Many assientoes were eventually converted or refinanced through
juros."[2]
In the history of slavery, asiento refers to the permission given
by the Spanish government to
other countries to sell slaves to the Spanish colonies, between the
years 1543 and 1834.
Through an asiento, a trade relationship was established whereby
a set of traders was given a monopoly over that route and/or product. In
this case, it refers specifically to a monopoly over the trade
of slaves between Africa
and the Americas.
According to the Encyclopædia Britannica,
this asiento existed between the early 16th and mid 18th
century.
Initially, Portugal
dominated the slave trade. Before the onset of the official asiento
in 1595, the Spanish fiscal authorities gave individual asientoes
to merchants, primarily from Portugal, to bring slaves to the
Americas. For the 1560s most of these slaves were obtained in the
Upper Guinea regions, especially in the Sierra Leone region where
there were many wars associated with the Mane invasions. However,
following the establishment of the Portuguese colony of Angola in 1575, and the gradual
replacement of Sao Tome by Brazil as the primary producers of sugar,
Angolan interests came to dominate the trade, and it was Portuguese
financiers and merchants who obtained the larger scale,
comprehensive asiento that was established in 1595. Angolan
dominance of the trade was pronounced after 1615 when the governors
of Angola, starting with Bento Banha Cardoso, made alliance with Imbangala mercenaries to
wreak havoc on the local African powers. Many of these governors
also held the contract of Angola as well as the assiento, thus
insuring their interests. Shipping registers from Vera Cruz
and Cartagena show that as many as 85%
of the slaves arriving in Spanish ports were from Angola, brought
by Portuguese ships. The earlier asiento period came to an end in
1640 when Portugal revolted against Spain, though even then the
Portuguese continued to supply Spanish colonies. In the 1650s Spain
sought to enter the slave trade directly, sending ships to Angola
to purchase slaves and toying with the idea of a military alliance
with Kongo, the powerful African kingdom
north of Angola. But these ideas were abandoned and the Spanish
returned to Portuguese and then Dutch interests to supply slaves.

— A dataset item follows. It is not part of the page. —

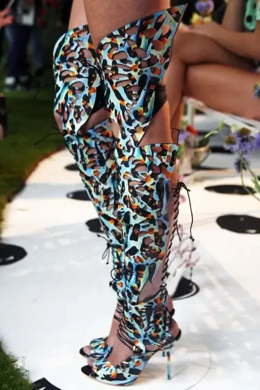 Cut Out Leather Over The Knee Boots
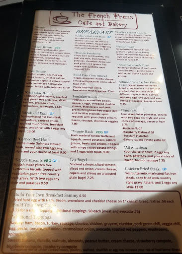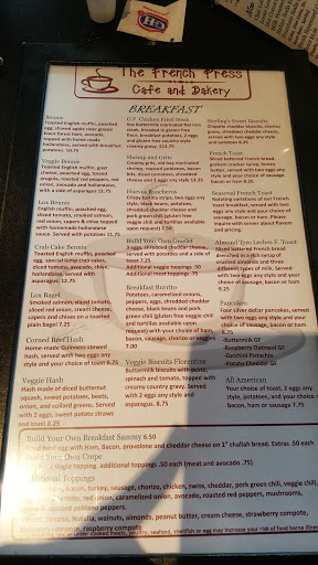 In comparison to other top breakfast restaurants in the Metro The French Press is very average the menu is simple,( variety of Bennies nothing very unique or exotic) the food itself was cooked properly and seasoned well(tasty).In regards to the staff, the young hostess appeared very uninterested and did not speak to us(we were asked if we wantd to be Inside or outside by another hostess, but then another hostess grabbed the menus and took the lead, but never looked at us or talked. It was a lil strange.)our server was excellent and although she brought the check early in the meal she explained why she was doing it, and let us know that there is never a rush.( we appreciated the communication. in this day and age thats rare.) The environment was excellent located in the Contemporary Belmar shopping district The French Press offers patio seating as well as a Industrial style dining room with huge windows that let in the sunshine and allows you to people watch. Enviroment, Staff, & dishes were very clean. I would return to the French press in hopes that I just ordered the wrong dish for me, and cought the hostess at a bad moment.

Later in history, Britain and Holland dominated the slave trade. The slaves
were sent mostly to the New
World colonies.
At the conclusion of the War of the Spanish
Succession, the Treaty of
Utrecht gave to Great Britain a thirty-year
asiento, or contract, to furnish (supply) an unlimited
number of slaves to the Spanish colonies, and 500 tons of goods per
year. This provided British traders and smugglers potential inroads
into the traditionally closed Spanish markets in America. Disputes
connected with it led to the War of Jenkins' Ear (1739).
The reason for such patents is that trade routes were not what
we take for granted today. At the time, the development of ports on
either side and facilities for the trade was very expensive to
develop and more so to manage. The European governments found it
easier and more lucrative to assign a monopoly (ostensibly
protected by the armada) to a
group of traders who would pay the government for the privilege and
invest in the infrastructure to enable the trade. One must remember
that these were pre-bureaucratic and fractured governments.
Organization and leadership of distant activities was often placed
in the hands of traders who would pay a flat fee. For the
government, the sole purpose of these endeavours was money. The
spread of Christianity should not be forgotten as a motivator, but
this was always secondary to resources (gold, spices, etc.). There
are many examples of Isabella referring to the Christianizing of
the "heathens" but even she wouldn't have the resources for this if
there weren't gold to pay for it. This is why Florida never gained significant development
until much later. However it is a more modern concept that land had
value above and beyond the resource extraction that could be gained
by controlling it. So really, it is dangerous to look at the
assiento or patent system as different from how we currently look
at patents on drugs or technology. The government, in order to
facilitate the development of such things, literally sells the
right to them to gain rent from the exclusion of others.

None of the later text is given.